> _INFORMATION SUPPLIED_:
===

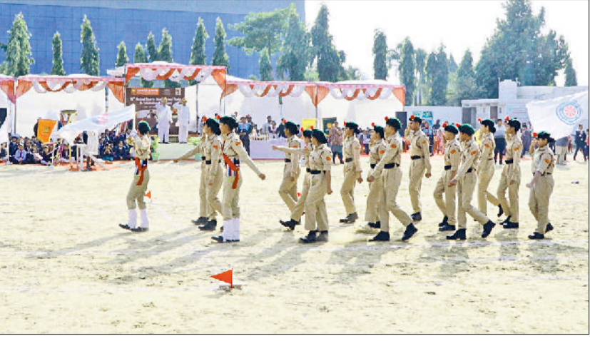
झज्जर। मार्च पास्ट कर मुख्यातिथि को सलामी देते हुए विद्यार्थी।
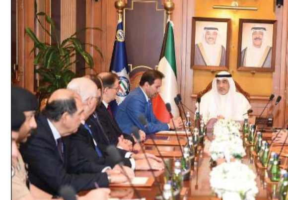
النائب الأول لرئيس الوزراء ووزير الداخلية الشيخ فهد اليوسف مع سفراء مجموعة دول أميركا اللاتينية والكاريبية

مختلف المجالات ذات الاهتمام المشترك. من جانبهم، عبر السفراء عن تقديرهم للنائب الأول على باهتمام الكويت بتعزيز العلاقات مع الدول الشقيقة والصديقة، وبما يخدم المصالح المشتركة ويساهم في توطيد أواصر التعاون بين الجانبين.
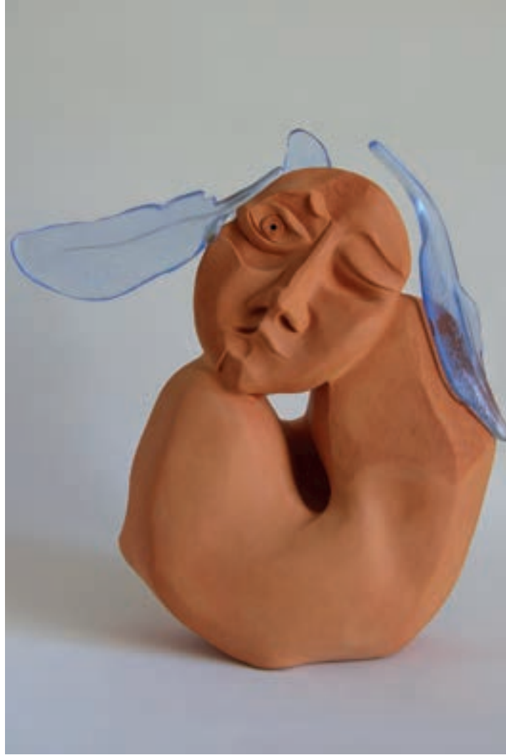
Uykusuzluk ve Uykulu / Insomnia and Sleepy Kirmızı Kil ve Cam-Red Clay and Glass-(Seramik Cam Heykel-Ceramic Glass Sculpture)-2017-36x36x14cm

===

> _TASK DESCRIPTION_:
Leaving every picture out, write out exactly the lines from the beginning of the listing above to the line with "النائب الأول لرئيس", inclusive.

> _OUTPUT OF THE TASK_:
झज्जर। मार्च पास्ट कर मुख्यातिथि को सलामी देते हुए विद्यार्थी।
النائب الأول لرئيس الوزراء ووزير الداخلية الشيخ فهد اليوسف مع سفراء مجموعة دول أميركا اللاتينية والكاريبية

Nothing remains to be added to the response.